* [Your task]
Leave out the pictures and repeat the data exactly.

* [Data block]

■ ■ ■ ■ ■ ■ ■

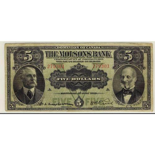 The Molsons Bank 1918 $5 CH-490-38-02 No.279301 F+
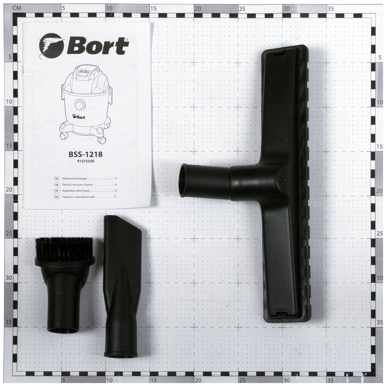 Bort Пылесосы строительные Bort BSS-1218 Пылесос строительный 91272256 1200 Вт, вместимость 18 л, 26,5 л/сек, 6,3 кг, набор аксессуаров 7 шт 8 032 ₽
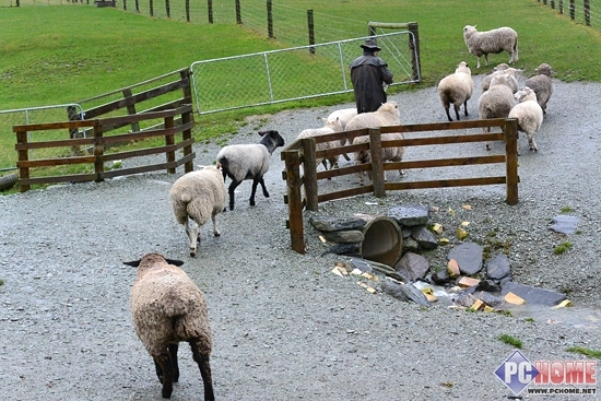 庄主的两只贴身小狗十分厉害,是纯正正宗的新西兰牧羊犬,只要庄主一个口哨它们就能跑到上山把羊群们赶下山,得到了游客们的阵阵掌声。

■ ■ ■ ■ ■ ■ ■

* [Answer space]
 The Molsons Bank 1918 $5 CH-490-38-02 No.279301 F+
 Bort Пылесосы строительные Bort BSS-1218 Пылесос строительный 91272256 1200 Вт, вместимость 18 л, 26,5 л/сек, 6,3 кг, набор аксессуаров 7 шт 8 032 ₽
 庄主的两只贴身小狗十分厉害,是纯正正宗的新西兰牧羊犬,只要庄主一个口哨它们就能跑到上山把羊群们赶下山,得到了游客们的阵阵掌声。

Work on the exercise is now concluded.